In a study released on February 2, 2018, scientists from the Icahn School of Medicine at Mount Sinai, led by Dr. Giulio Maria Pasinetti, described an extensive analysis of two novel grape-derived phytochemicals, or natural essential nutrients, dihydrocaffeic acid (DHCA) and malvidin-3'-O-glucoside (Mal-gluc), which might be developed as therapeutic agents for the treatment of depression. The study demonstrated that DHCA reversed improper epigenetic modifications that have been shown to promote the DNA transcription of numerous pro-inflammatory genes, such as interleukin 6 (IL-6). Mal-gluc was found to increase the transcription of the Rac1 gene, which influences the expression of genes responsible for synaptic plasticity in the brain. It was demonstrated that treatment with both DHCA and Mal-gluc is effective in attenuating depression-like phenotypes in a mouse model of increased systemic inflammation induced by transplantation of cells from the bone marrow of stress-susceptible mice. This Mount Sinai study provides novel preclinical evidence supporting the targeting of multiple key disease mechanisms through DNA epigenetic modification for the treatment of depression and strongly supports the need to test and identify novel compounds that target alternative pathologic mechanisms, such as inflammation and synaptic maladaptation, for individuals who are resistant to currently available treatments.

With his involvement at the Veterans Administration, Pasinetti and his lab identified biomarkers to help diagnose the two signature injuries of the recent wars in Iraq and Afghanistan: mild traumatic brain injury (mTBI) and post-traumatic stress disorder (PTSD). The focus was on four specific non-coding miRNA which were all found at significantly lower levels in those Veterans who had comorbid TBI plus PTSD, when compared to subjects who had only PTSD. The availability of such biomarkers could provide more precise benchmarks and outcome measures in clinical trials of different TBI or PTSD therapies.

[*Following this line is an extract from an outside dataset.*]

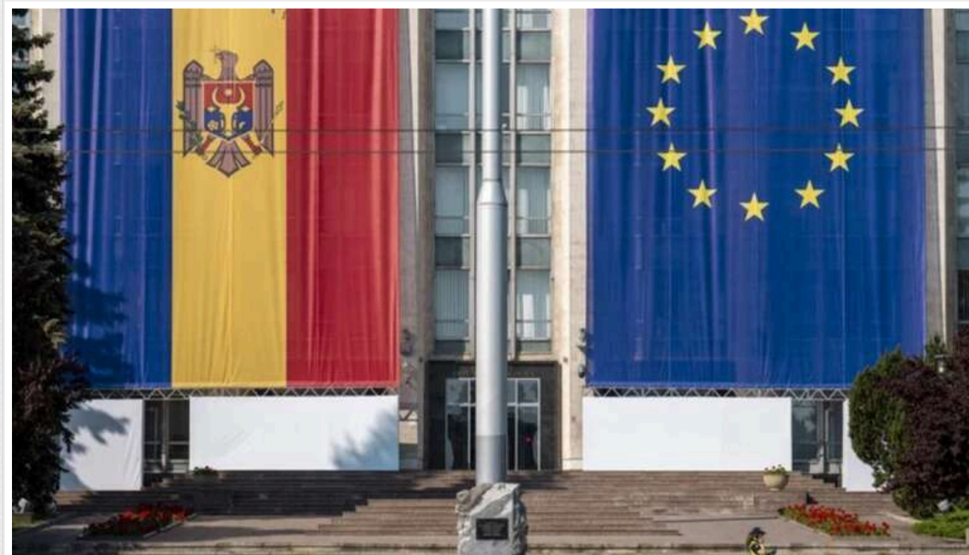
У Молдові опрацьовано 40% голосів: поки більшість проти вступу до Євросоюзу

У Молдові продовжується підрахунок голосів після референдуму щодо закріплення в Конституції курсу на вступ до Європейського Союзу.
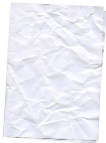
les feuilles de papier

Pasinetti's lab is now working on tracing "downstream" molecular pathways in preclinical rodent models of mTBI, to eventually tie them back to TBI or PTSD symptoms and allow for identification of potential new drug targets to be further developed in the clinical setting.

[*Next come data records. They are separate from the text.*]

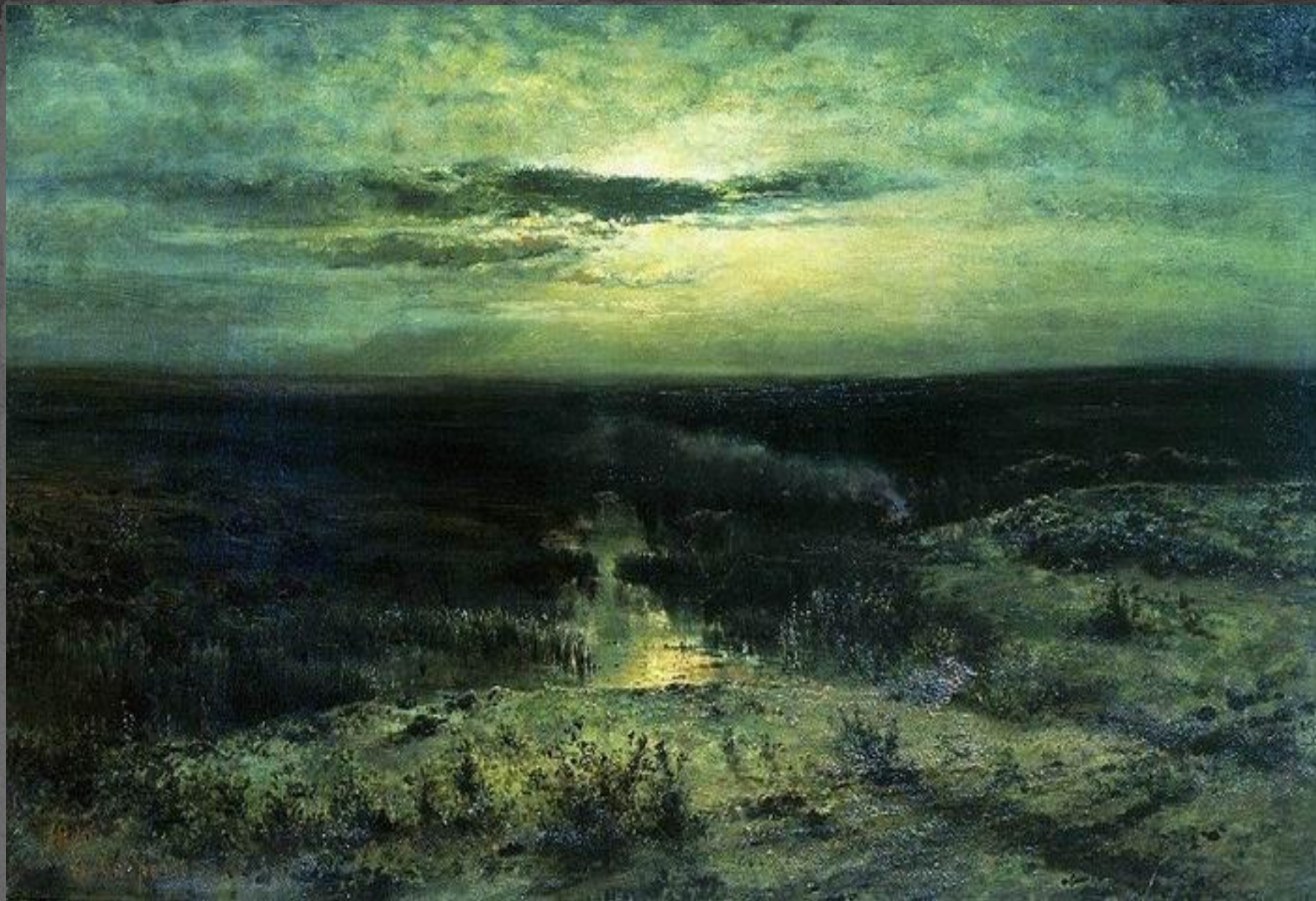
● "Лунная ночь. Болото", 1870
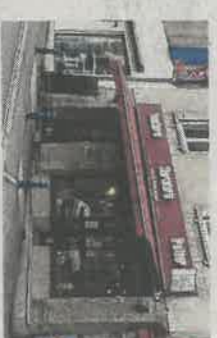
Une enseigne de Port-sur-Saône.

Parmi les principaux axes de réflexion figure la transition énergétique (travaux prévus dans les écoles et la salle SaôneExpo). Le développement économique et touristique n'est pas mis de côté : « Une action
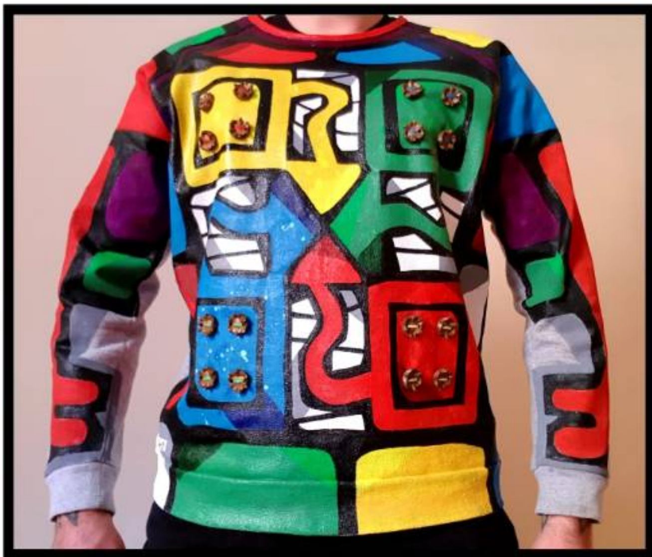
Felpa, 2021, decoro su stoffa

Irlanda - Tel. 00353-0861789191 - Email: caminosdegardel@gmail.com
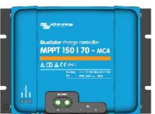
Contrôleur de charge solaire MPPT 150/70 MC4
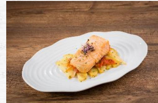
SALMON HORNEADO 6 KG IQF

Taken together, the focus of Dr. Pasinetti's research determining the molecular basis of neurodegenerative disorders and TBI to provide targets for novel therapies has the ultimate goal of identifying unique treatment strategies that can be translated to improve pharmacological treatment in clinical care.

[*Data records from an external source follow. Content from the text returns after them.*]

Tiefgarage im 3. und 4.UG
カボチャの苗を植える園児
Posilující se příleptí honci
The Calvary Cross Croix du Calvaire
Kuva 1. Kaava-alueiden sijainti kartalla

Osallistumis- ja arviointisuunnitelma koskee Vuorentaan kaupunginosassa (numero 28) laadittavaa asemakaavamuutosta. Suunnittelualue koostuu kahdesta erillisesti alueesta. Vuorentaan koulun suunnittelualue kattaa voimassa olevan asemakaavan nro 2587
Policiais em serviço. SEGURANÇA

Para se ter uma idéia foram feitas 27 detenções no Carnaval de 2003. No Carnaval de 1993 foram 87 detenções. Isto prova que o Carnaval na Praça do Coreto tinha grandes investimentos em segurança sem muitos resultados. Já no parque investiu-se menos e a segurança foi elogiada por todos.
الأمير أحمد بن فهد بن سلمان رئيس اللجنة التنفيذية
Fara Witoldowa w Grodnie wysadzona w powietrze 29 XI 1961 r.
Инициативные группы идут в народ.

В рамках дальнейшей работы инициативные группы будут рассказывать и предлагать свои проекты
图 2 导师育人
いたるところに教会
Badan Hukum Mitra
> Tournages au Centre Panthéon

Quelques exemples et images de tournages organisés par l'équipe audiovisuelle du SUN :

== Publications (Partial List) ==
- Westfall, S (2021). "Chronic Stress-Inuduced Depression and Anxiety Modulated by Gut-Brain-Axis Immunity"
- Sebastian-Valverde, M (2021). "Discovery and characterization of small molecule inhibitors of NLRP3 and NLRC4 inflammasomes"
- Smith, C (2021). "Anxiolytic effects of NLRP3 inflammasome inhibition in a model of chronic sleep deprivation"
- Westfall, S (2020). "Microbiota metabolites modulate the T helper 17 to regulatory T cell (Th17/Treg) imbalance promoting resilience to stress-induced anxiety- and depressive-like behaviors"
- Westfall, S (2019). "The gut microbiota links dietary polyphenols with management of psychiatric mood disorders"
- Westfall, S (2019). "Gut Microbiota Mediated Allostasis Prevents Stress-induced Neuroinflammatory Risk Factors of Alzheimer's Disease"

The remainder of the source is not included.